Polling station, fine or jail

Laura Garriga explained this Monday in Readers’ Letters that tomorrow she will have to sit, like so many other (un)fortunate people, at a polling station. I would be delighted if it weren’t for the fact that karma has wanted these elections, shoehorned into a second Sunday in May that many would prefer to spend on the beach, to coincide with the day scheduled for their exam (I think by the SOC) to graduate as a teacher. of yoga. What was said. She would gladly go…if she could. But she will show up forced because she has no other choice. Or table. Or fine. Or jail. That’s how things are.

The reader has no escape. She has alleged about the exam, but her excuse is not valid. It doesn’t count as a “can’t-be-postponed family event.” It does not fall into the category of professional responsibility (only those who work in essential services such as firefighting or healthcare can benefit from the waiver). Neither she nor she can hide behind personal causes: what is hers has no remedy. She is not over 65 years old (in the letter she specifies that she turned 50 in 2023), nor is she a victim of a crime, nor should she have three-timed at a polling station in the last calls. She is sure that she has reviewed all the causes that would free her from it. And there is not, there is not a single one that is worth it. Those confined in a penitentiary or psychiatric center are released. The (very) pregnant. Those who have minors or elderly in their care and no one to help them. And although there are a long list of extra reasons that grant this permission, none of them are valid for poor Laura.

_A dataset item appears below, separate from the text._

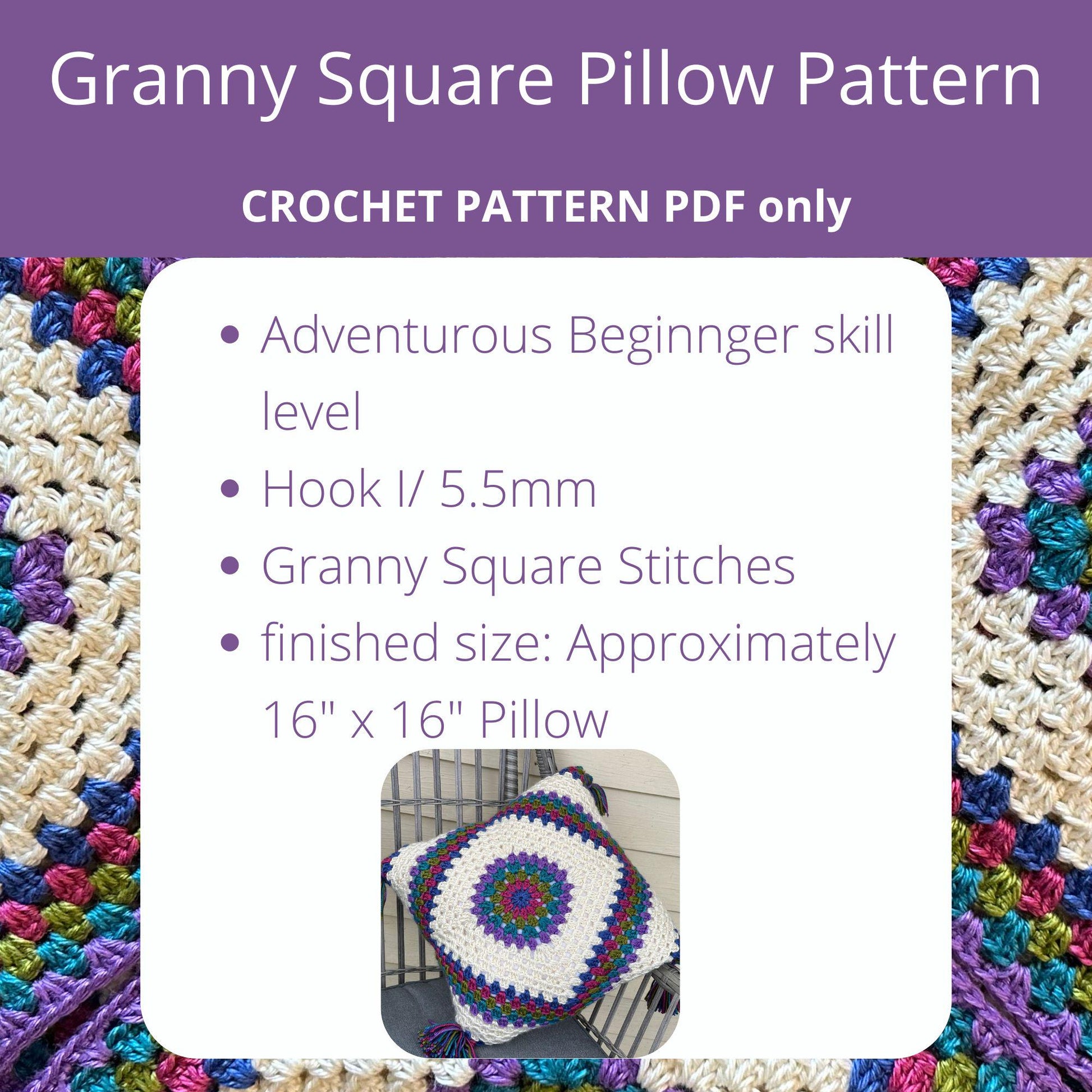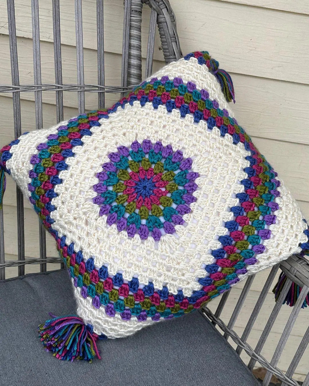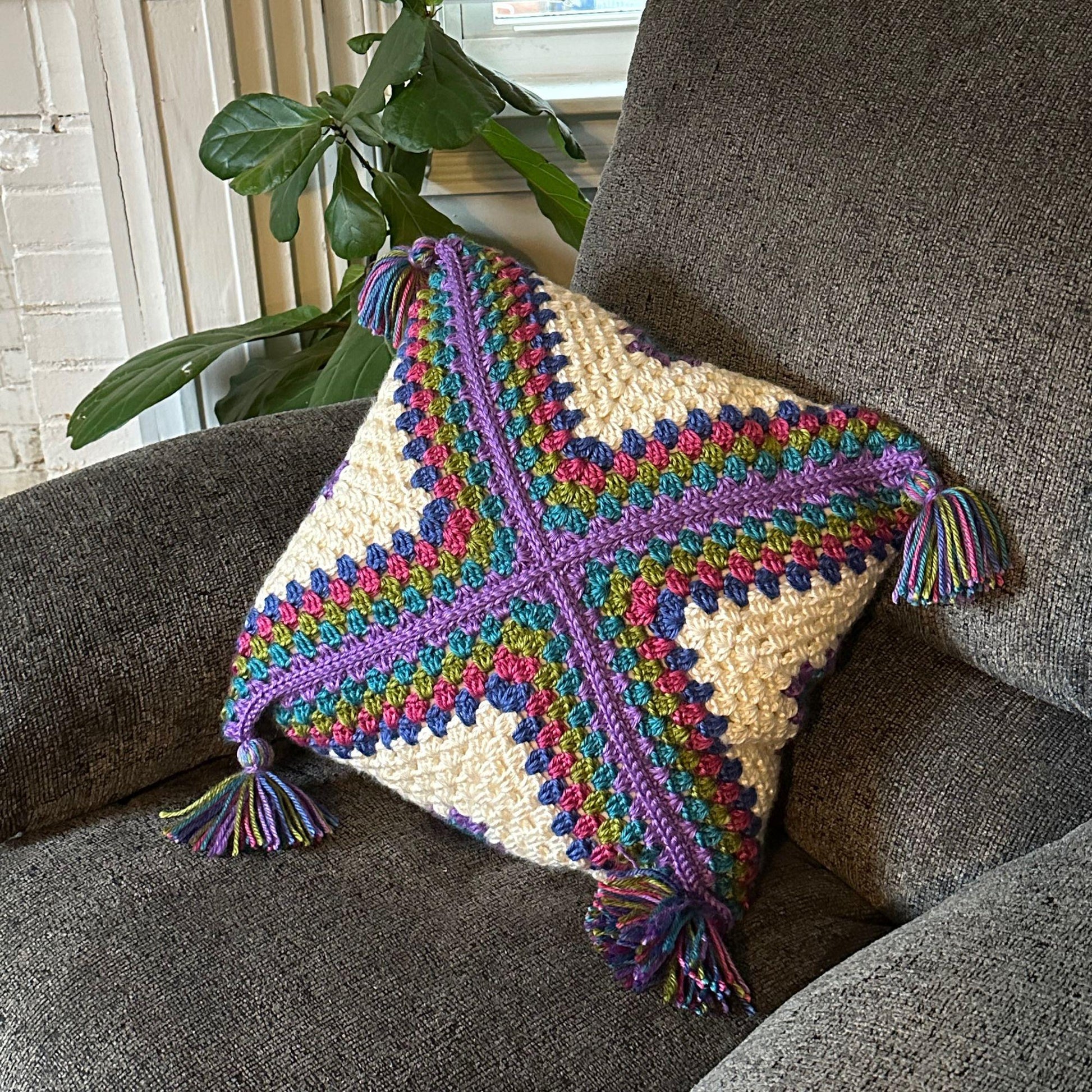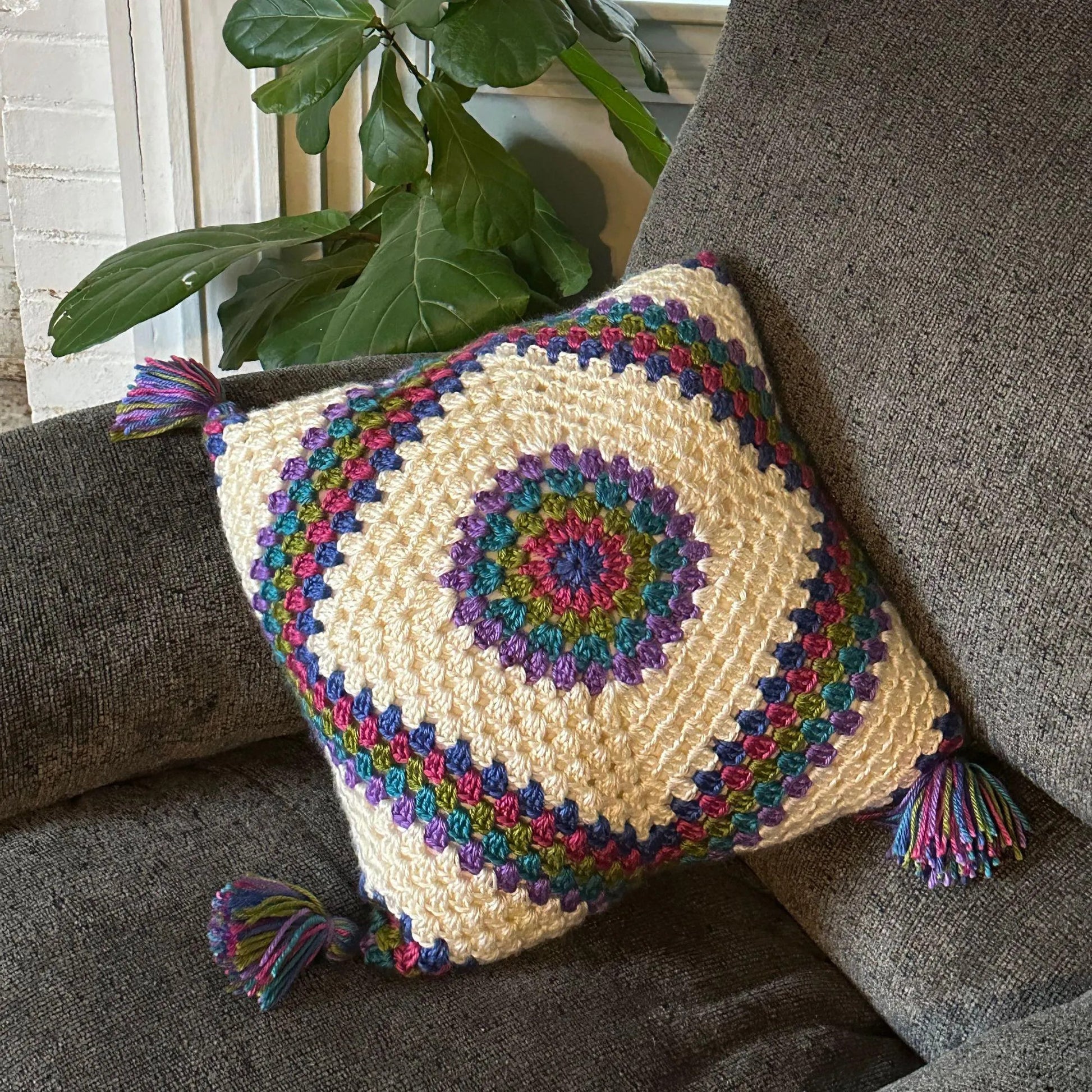 Rainbow Granny Square Pillow Crochet Pattern with tassels- Boho Crochet pattern - worsted weight yarn.

So tomorrow, no matter what, it will be at that table that there are still those who sell as an “exciting opportunity to learn from the inside how the Democracy Party works.” The surprising thing is that she will have to leave her exam on asanas, mantras, Sanskrit, philosophy, anatomy and first aid for another day (another year?), while those who had paid vacations or tickets to Coldplay in the July 23 elections will not They had to give up neither the trip nor the show.

I would not go. At the table, I say. He would plead the need for what Évole baptized as a stony (five days to meditate!) and would go to the exam. If you get a 400 euro fine, you win (the course is around 3,000) and if you get jail time, it’s comforting to know that they also do yoga there.